Thursday, December 17, 2015



Climate change: A policy based on fraud

The government released a pile of climate change reports today on its Kyoto Protocol CP1 and CP2 (to which we are not a party) obligations. And they expose the naked fraud which lies at the heart of our climate change policy.

First up, Kyoto. Under the Kyoto Protocol, New Zealand had accepted a target of limiting its net average emissions over the to 2008 - 2012 period to gross 1990 levels. Which in practice meant a target of 309.5 million tons over five years. So how did we do? Our emissions kept increasing, and in fact increased by around 20%, but thanks to the net-gross scam, we were able to use forest reductions to cover that. So, we met our CP1 target, fairly, within the (broadly accepted) Kyoto rules. And according to those rules, the surplus can be "banked" against targets for later commitment periods.

But then the real scam begins. Because according to our CP1 "true-up" report, we paid for a huge chunk of our emissions with international units. Most of this is ERU's under Kyoto's Joint Implementation mechanism, and a staggering 86.3 million tons of that came from Ukraine - where huge amounts of credits were issued fraudulently and as part of an international criminal scam. But we're also using 16 million tons of Kyoto Certified Emissions Reductions issued under the Clean Development Mechanism. These are also hugely problematic - around 50% of CERs were issued for destruction of refrigerant gases - gases which had been produced solely so they could be destroyed for credit. Which is why such "credits" are no longer accepted, and cannot be used in Kyoto's second commitment period.

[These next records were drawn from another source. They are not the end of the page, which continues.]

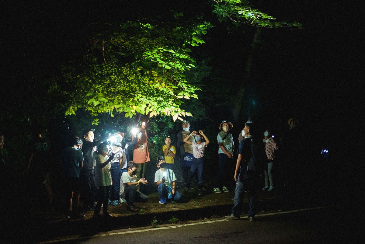 食後は夜の森を訪ねて歩いた。一見、暗くてなにも見えないようだけど、ライトを消して見上げると、そこには饒舌な夜の森が広がっていた。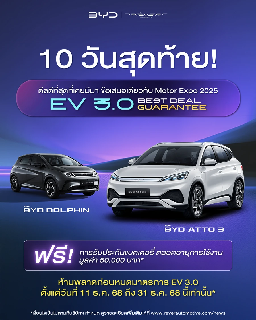 - BYD ATTO 3 ราคาพิเศษ 699,900 บาท1 ในรุ่น Extended พร้อมฟรี! แพ็คเกจการรับประกันแบตเตอรี่ตลอดอายุการใช้งาน มูลค่า 50,000 บาท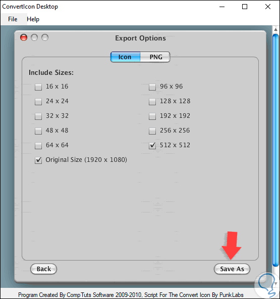 En la siguiente ventana activamos la pestaña correspondiente ICO y definimos el tamaño en el cual deseamos la conversión:
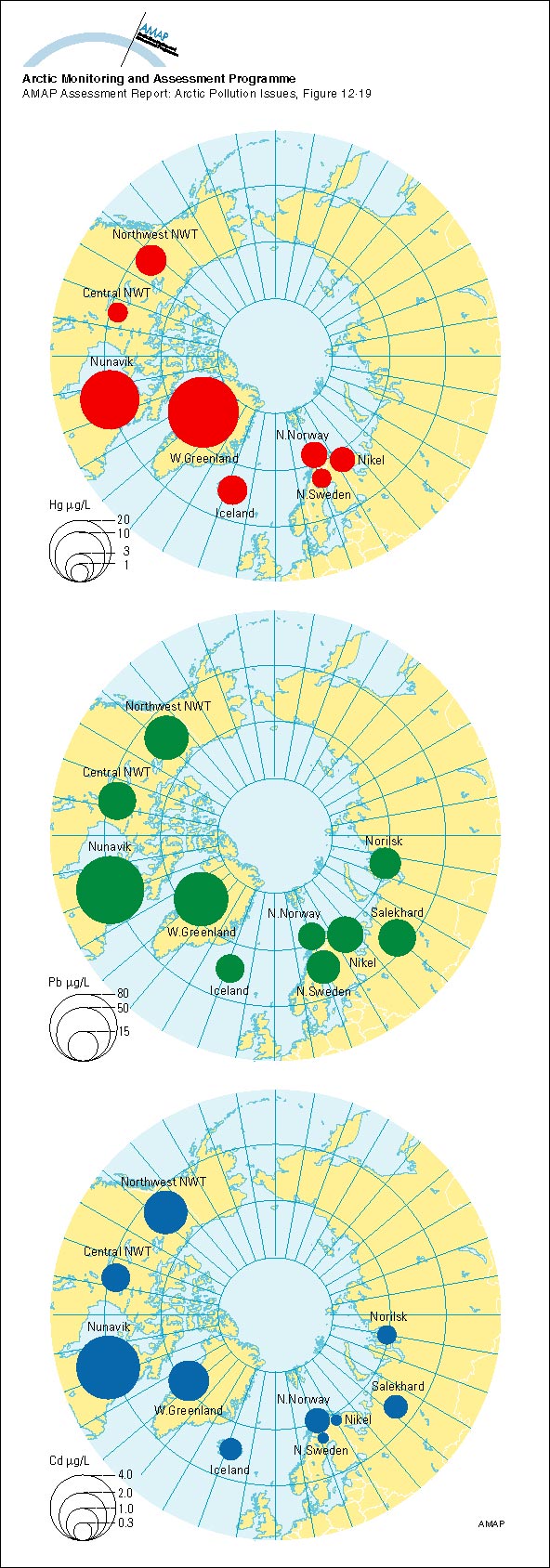 Geometric mean concentrations of mercury, lead and cadmium in maternal whole blood; AMAP circumpolar study 1994-95, see Table 12A13
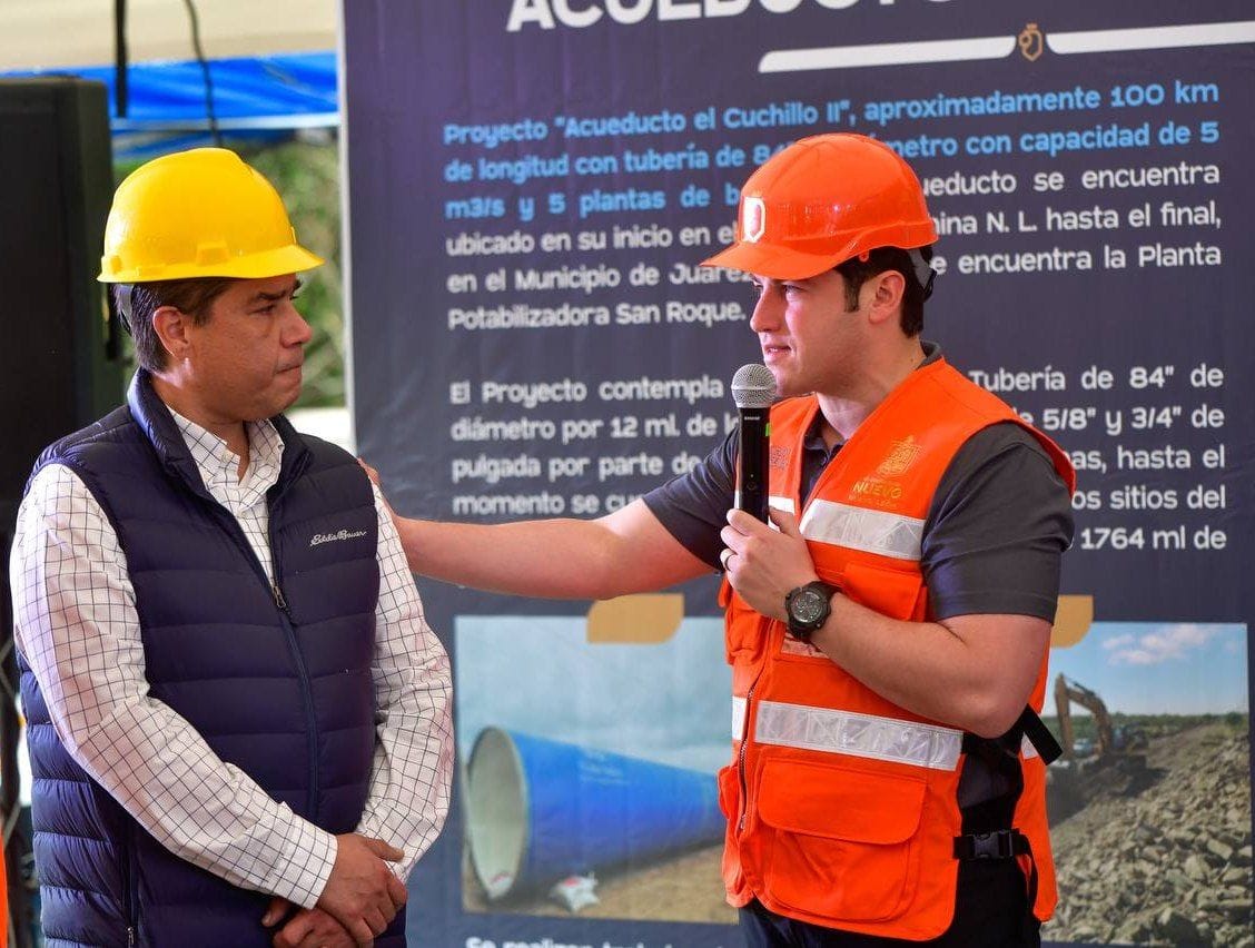 Tras supervisar la obra del Acueducto El Cuchillo II en el municipio de Juárez, el Gobernador Samuel Alejandro García Sepúlveda agradeció el apoyo y la coordinación de la Federación, la iniciativa privada y las empresas que participan en el proyecto hídrico.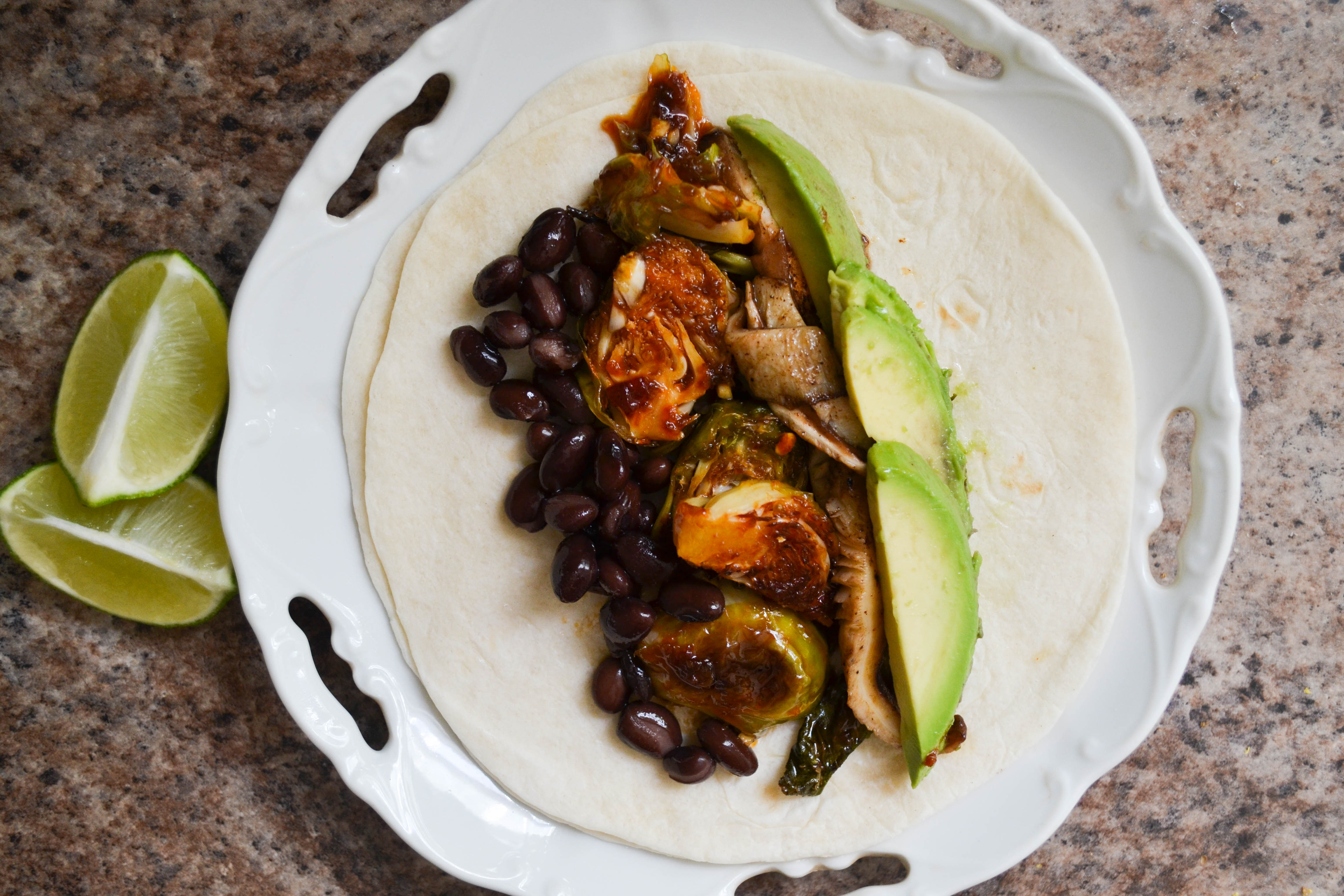Heat 1 tablespoon vegetable oil in a skillet and add the shiitakes. Sauté for 2-3 minutes, then stir in chili powder and juice of half the lime. Remove from heat and assemble tacos with brussel sprouts, shiitakes, sliced avocado, black beans and remaining lime juice.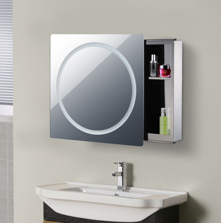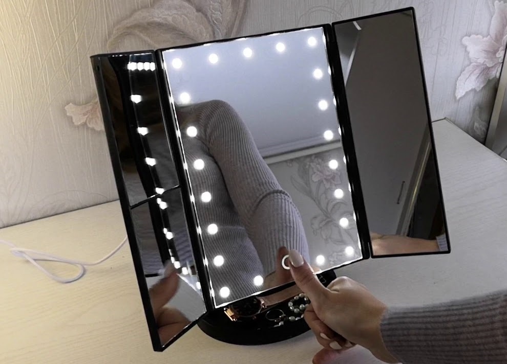 Оптимальным вариантом является расположение ниже середины ближе к правому или левому краю отражающего полотна. При этом лицо дополнительно будет освещаться основной подсветкой зеркала.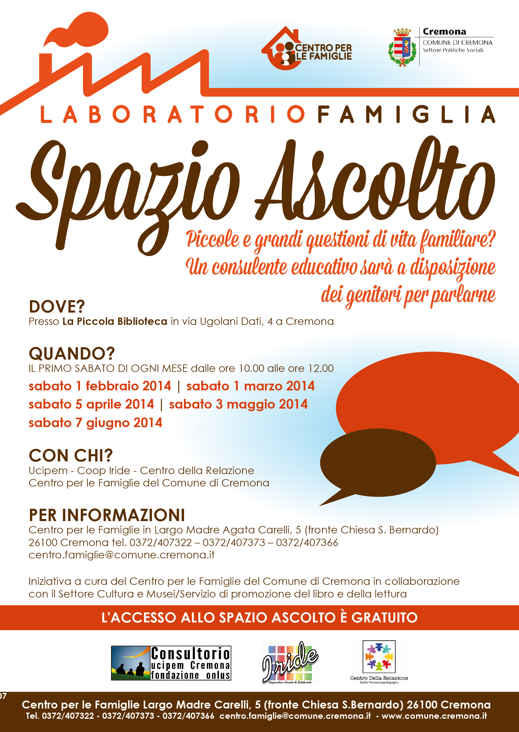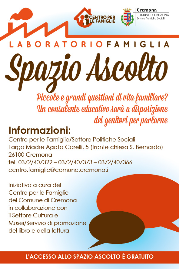 Il Centro per le Famiglie/Settore Politiche Sociali del Comune di Cremona, nell'ambito del progetto LABORATORIO FAMIGLIA, promuove e sostiene l'iniziativa denominata “SPAZIO ASCOLTO” rivolta ai genitori che vogliano sottoporre ad un consulente educativo piccole e grandi questioni di vita familiare.

But Kyoto CP1 Assigned Amount Units can. And by paying for our CP1 obligation with these dubious and possibly fraudulent credits, New Zealand has assured that it has a huge surplus of AAU. 123.75 million tons worth, or about two years worth of emissions. And predictably, we're using this banked credit to "pay" to "meet" our self-imposed CP2 target:
graph-net-position
New Zealand’s projected gross emissions and units acquired over 2013 to 2020 period* (as of 14 December 2015)

Or, to put it simply: we bought fraudulent credit in CP1, we laundered it into AAU, and we're effectively using it to pay to meet our CP2 reductions. And then we'll no doubt try and carry over that surplus (plus any other fraud we can launder) to pretend to meet the (self-imposed, not legally binding) 11% by 2030 target we offered at Paris. And meanwhile, our emissions will just keep on rising.

And this is why other countries no longer support international carbon trading: because its an outright scam. And the fact that New Zealand's climate change policy is based on it speaks volumes about both our honesty and our commitment to real change.